OPINION:
The Second Amendment isn’t getting much respect these days. With contentious issues such as immigration and federal spending stealing the political spotlight, the Supreme Court decided it was far too busy to clarify the meaning of our right to keep and bear arms.
Chief Justice John G. Roberts Jr. and the high court majority declined to take a stand on a simple question: whether the AR-15, the most popular rifle in the United States, qualifies as being “in common use” and thus entitled to constitutional protection.
The Maryland General Assembly and eight other states have enacted schemes to prevent firearms ownership by 30 million law-abiding Americans. In its zeal to forbid Marylanders from owning scary-looking black rifles, the 4th U.S. Circuit Court of Appeals declared that AR-15s aren’t “arms.”
Justice Brett M. Kavanaugh said he realized the 4th Circuit’s reasoning was “questionable,” but its conclusion stands, for now.
Refusing to hear the case “does not mean that the Court agrees with a lower-court decision or that the issue is not worthy of review,” his honor explained. “Additional petitions for certiorari will likely be before this Court shortly and, in my view, this Court should and presumably will address the AR-15 issue soon, in the next Term or two.”

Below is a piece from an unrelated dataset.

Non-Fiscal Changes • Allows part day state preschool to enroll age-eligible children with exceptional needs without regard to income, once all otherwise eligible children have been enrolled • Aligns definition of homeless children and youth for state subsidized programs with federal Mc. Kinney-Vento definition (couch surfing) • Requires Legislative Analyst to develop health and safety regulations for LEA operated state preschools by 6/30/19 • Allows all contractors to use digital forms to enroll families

Justices Samuel A. Alito Jr., Neil M. Gorsuch and Clarence Thomas had urged their colleagues to act, given the level of cruel and unusual torture the appellate judges applied to the law to arrive at their preferred outcome. The 4th Circuit offered the straw man argument that bazookas and briefcase nukes might be carried one day if the judiciary tolerated the bearing of any “common” weapons for self-defense.
Justice Thomas countered: “To fend off the fantastical threat of Americans lobbing nuclear warheads at one another, the Fourth Circuit has allowed the very real threat of the government depriving Americans of the rifle that they most favor for protecting themselves and their families.”

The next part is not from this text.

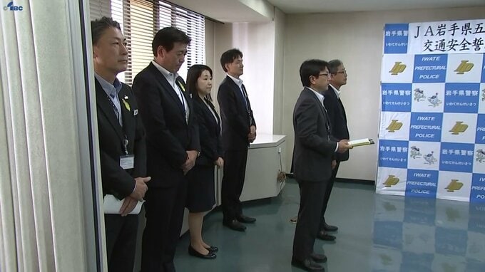 30日はJA共済連岩手の菊池秀峰県本部長ら6人が県警察本部を訪れ、加藤秀昭交通部長に誓約書を手渡しました。

The same high court majority that rushed within a matter of hours to vindicate the supposed due process rights of illegal alien gang members now suggests law-abiding American citizens must sit at the back of the constitutional bus and wait a “Term or two” before being heard on this matter, even when they have a slam-dunk case.
“I doubt we would sit idly by if lower courts were to so subvert our precedents involving any other constitutional right. Until we are vigilant in enforcing it, the right to bear arms will remain a second-class right,” Justice Thomas observed.
Congress and the president shouldn’t rest while the high court winks at states that perpetuate injustice. The House ought to force the issue by adopting legislation providing nationwide reciprocity for concealed carry permits.
Introduced by Rep. Richard Hudson, North Carolina Republican, the bill would enable a resident of one state to lawfully protect himself and his family when traveling to jurisdictions such as the District of Columbia, where officials intentionally make the requirements for obtaining a permit expensive and onerous.
Under the proposal, which has cleared the Judiciary Committee, concealed carry permits would function like driver’s licenses. A permit valid in one state would be recognized as valid in another, so long as permit holders abide by local regulations when exercising their right.
Such legislation is one way the legislative and executive branches can remind the high court and rebellious Democratic-led states that the Bill of Rights isn’t optional.